This might very well be a crucially flawed reasoning. But I think has to have something true behind.

I was trying to explain basic ideas of representation of Lie Groups to an 11 years old girl who asked what I was studying. What I wanted to explain was the relation between special functions and symmetries.

The mathematical thing I wanted to explain was that if we have a group $G$ acting on a space $X$, and we look at the space of infinitely derivable functions on $X$, i.e. $\mathcal C^\infty(X)$, then there is a natural representation of $G$ on $C^\infty(X)$. So I thought about the simplest example I had in mind which was the case of of the circle $G = S^1$ which has ($SO(2)$ symmetry). Then the representation are given by harmonic analysis of Fourier series.

To explain this I said to consider a glass of water which has cylindrical symmetry ("if I rotate the glass you cannot say how much I did rotate the glass, so it has a symmetry") then the vibration and deformations of the edge of the glass are the functions on $S^1$ that can be classified in harmonics...

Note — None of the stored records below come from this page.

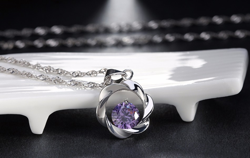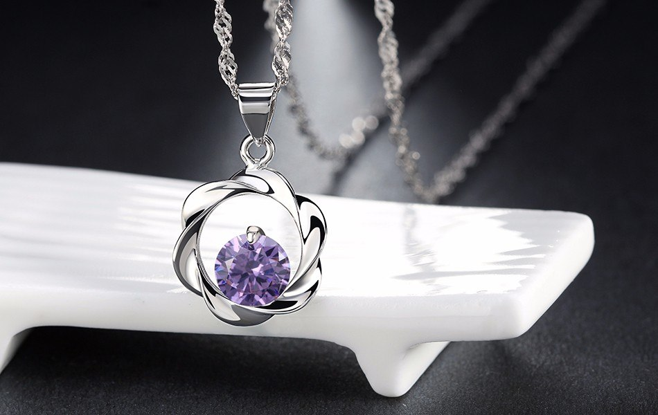 0.5ct Round Cut Purple Amethyst Pendant Flower 14k White Gold Finish NO CHAIN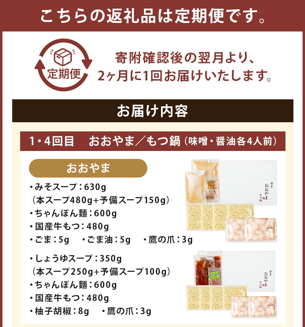 【ふるさと納税】<選べる定期便>【隔月定期便(計3回・6回発送)】鍋大容量定期便! 2ヶ月毎 おおやま・上田商店・華味鶏 もつ鍋 モツ鍋 水炊き 牛もつ ちゃんぽん麵 醤油 味噌 しょうゆ みそ 牛肉 お肉 惣菜 鍋料理 麺類 冷凍 福岡県 嘉麻市 送料無料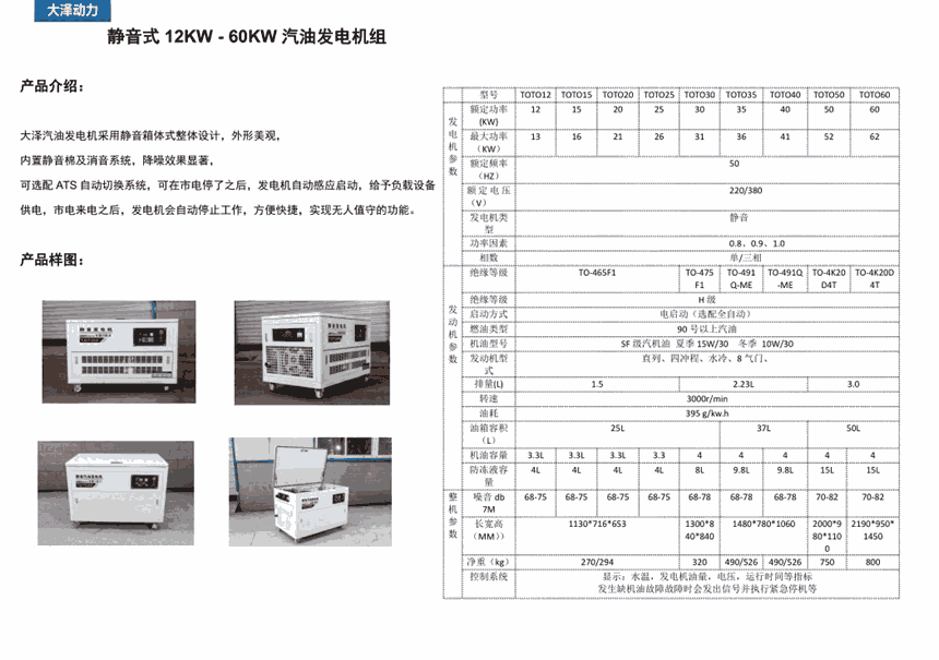 大泽动力静音汽油发电机,可根您的需求定制单相或三相,当然也可以单三相,大泽汽油发电机是箱体式配有四个轮子,方便移动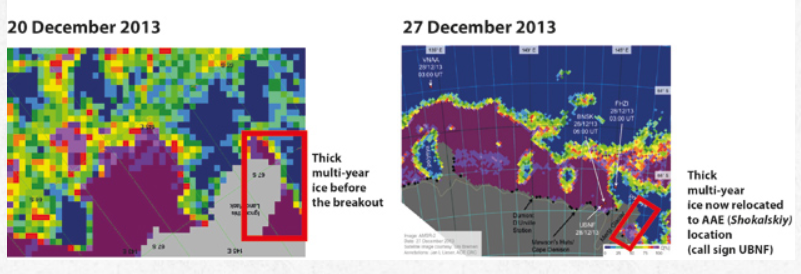 The leader of the expedition, Chris Turney (also a secondary Climategate correspondent and co-signer of Lewandowsky’s multisignatory letter in the Conversation), claimed that the incident could not have been predicted. He said that they were trapped by a sudden “breakout” of multi-year ice (“fast ice”) that had previously been part of the ice shelf and that there was no way that they could have anticipated this. Turney’s claim has been uncritically accepted by the climate community e.g. Turner of the British Antarctica Survey here.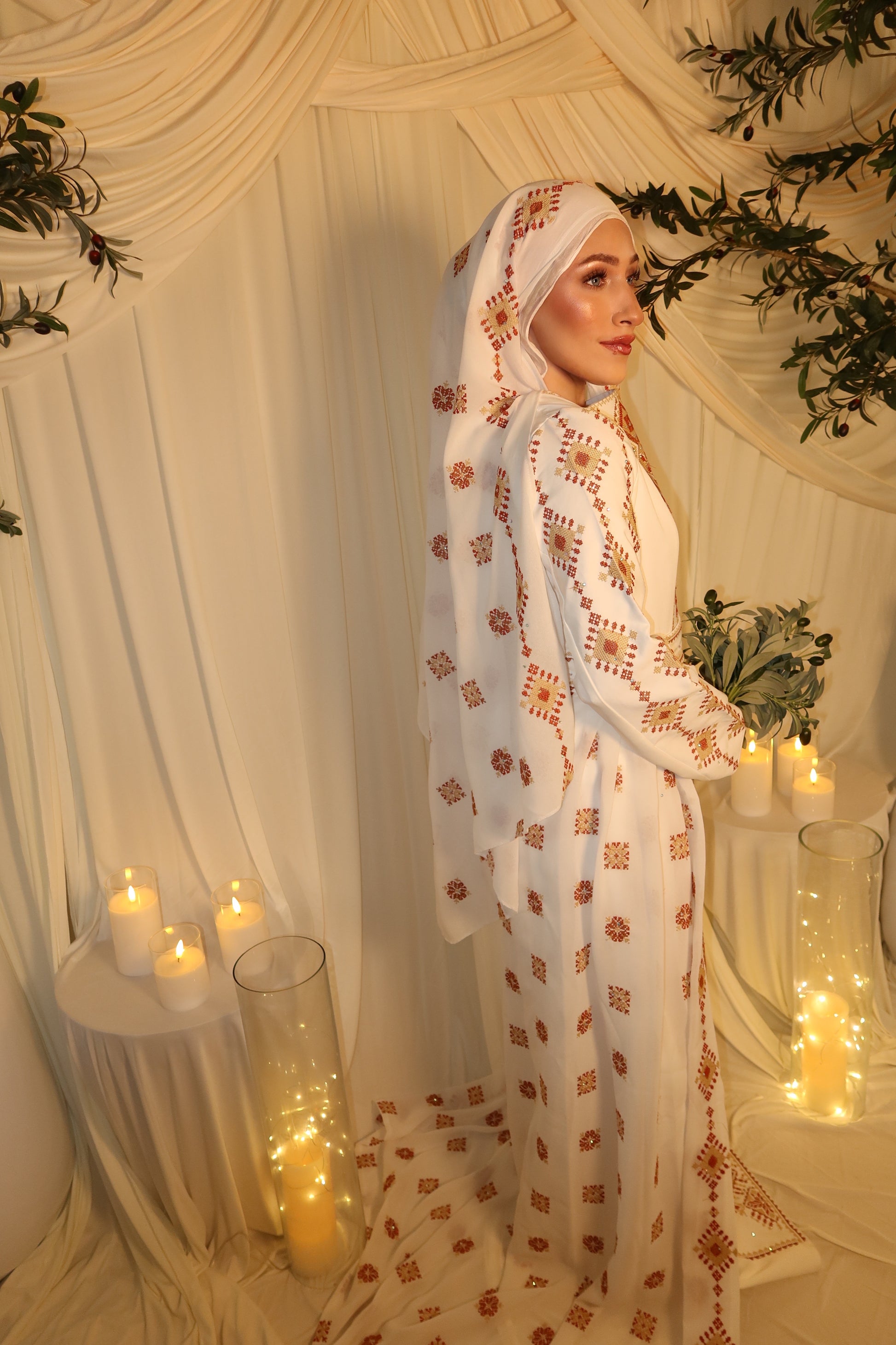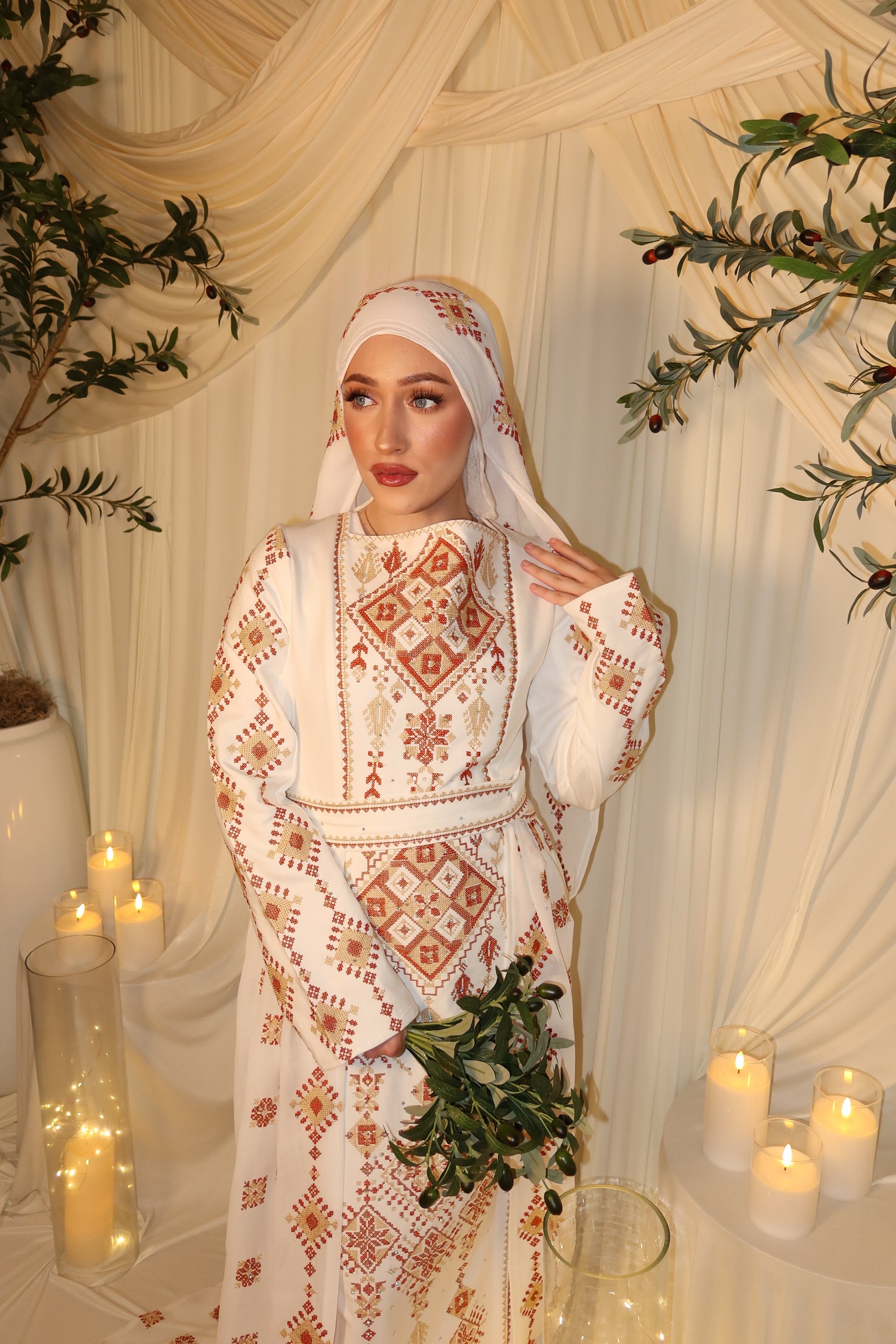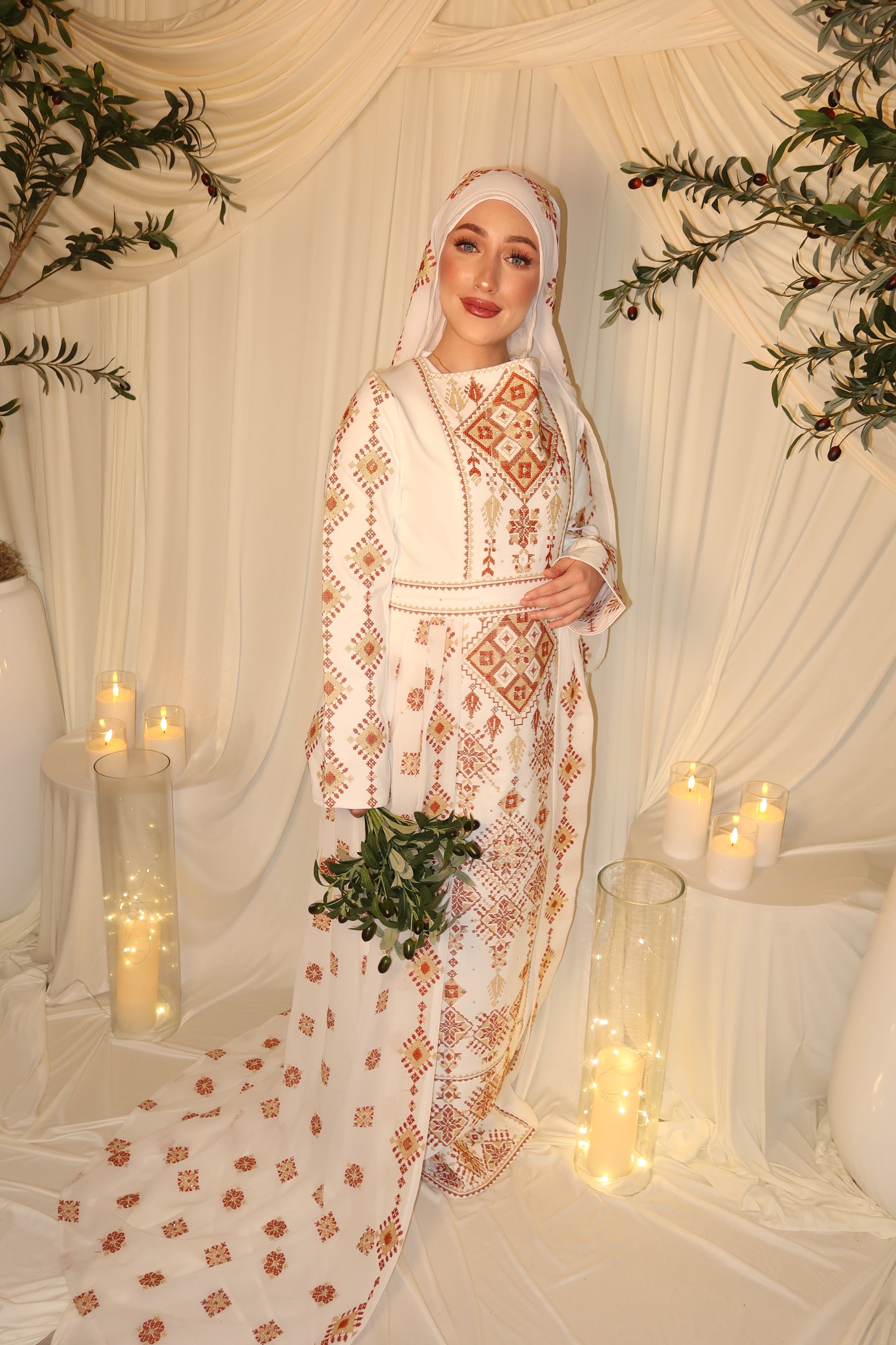 The Firdaws thobe is a beautiful bridal dress. Embellished with Gold Tatreez. It also includes a beautiful bridal trail and headpiece. Adorned with hand-stitched gold tatreez the sacred embroidery passed down through generations, the dress speaks the language of the land—each pattern echoing stories of home, strength, and womanhood. The flowing trail adds grace and dignity, reminiscent of the elegance carried by our ancestors. A true celebration of Palestinian culture and craftsmanship.

That's why - I concluded - glasses are used to sing with water... I said that but really I'm not sure at all if it's effectively the case. I mean that I'm note sure until what extension my reasoning was correct. Is the role of the water just the one to annihilate every representation but one (or some) which get excited and that's why the glass emits only one definite sound? Do you think the reasoning has a tragic flaw somewhere? To what extension is valid?

  1. Well, we can certainly have singing/ringing from non-axisymmetric objects, cf. e.g. this, this Phys.SE posts and links therein. So $SO(2)$ symmetry is not necessary in that sense.

  2. However, according to e.g. Ref. 1, it is apparently a good mathematical model to consider a wineglass as having topology $S^1\times I$, where the interval $I$ has 1 free and 1 fixed endpoint. The circle $S^1$ has $SO(2)$ symmetry and can be analyzed via Fourier series. The interval $I$ typically has no symmetry. The lowest mode has 2 nodes along $S^1$ and 0 nodes along $I$. There are also higher harmonics/overtones.


  1. Jundt, Radu, Fort, Duda, Vach & Fletcher, Vibrational modes of partly filled wine glasses, J. Acoust. Soc. Am. 119 (2006) 3793.